Breathing is always good, carry provisions, and math and the rules are your friends.
These are among the things that I learned during my club championship at Blue Springs GC this weekend:
• Have an extra CR12 battery for your range finder in your bag. This prevents full-scale panic when you finish a round in the dark when the hardware store is closed, and your morning round starts before the hardware store opens.
• Don’t be over-reliant on your range finder.
• Don’t immediately go from an engaging conversation about your kid’s hockey to hitting to a back pin on a plateau without first doing the math (subtraction!). What usually follows is significant addition.
• Learn the concept of lag putting. Yeah, yeah, Bob Rotella says attempt to make every putt, but on slick and sloping tournament greens, I’d suggest barely attempting to topple the ball into the hole on putts longer than your kitchen.

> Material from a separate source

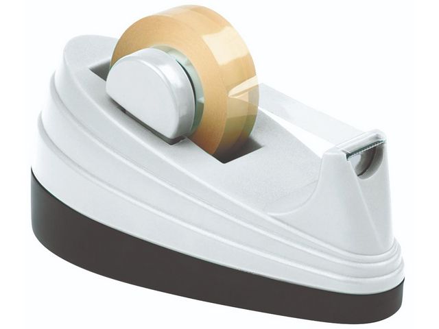 Tejphållare, Lyreco. Vit tejphållare med svart botten som passar för 19 mm breda tejprullar med upp till 33 m tejp. Tillverkad i svart plast. Mått: HxBxL 7 x 7 x 17 cm Levereras utan tejp. – En tejphållare i svart och vitt – – Passar för 19 mm bred tejp – – Rymmer 33 m långa rullar

• Ignore being out-driven by 40 yards by competitors young enough to be your kids.
• Convince yourself that you have hard-earned wisdom and you were alive the last time a Toronto sports team won a significant championship.
• Re drives: you don’t need to call mom to get one home
• If your first ball lands in a jungle and your provisional ball lands on the green, abandon first ball even though it may be a family heirloom. You could make bogey or limit the damage to a double rather than ego-depleting triple.
• Know the Rules of Golf, especially (Decision 27-2c/2) that allows you to declare a ball lost, and to yell at your competitors not to look for the jungle ball.
• After ball lands in jungle, breathe. Breathe again. Breathe some more.
• Follow breathing rule when range finder battery dies.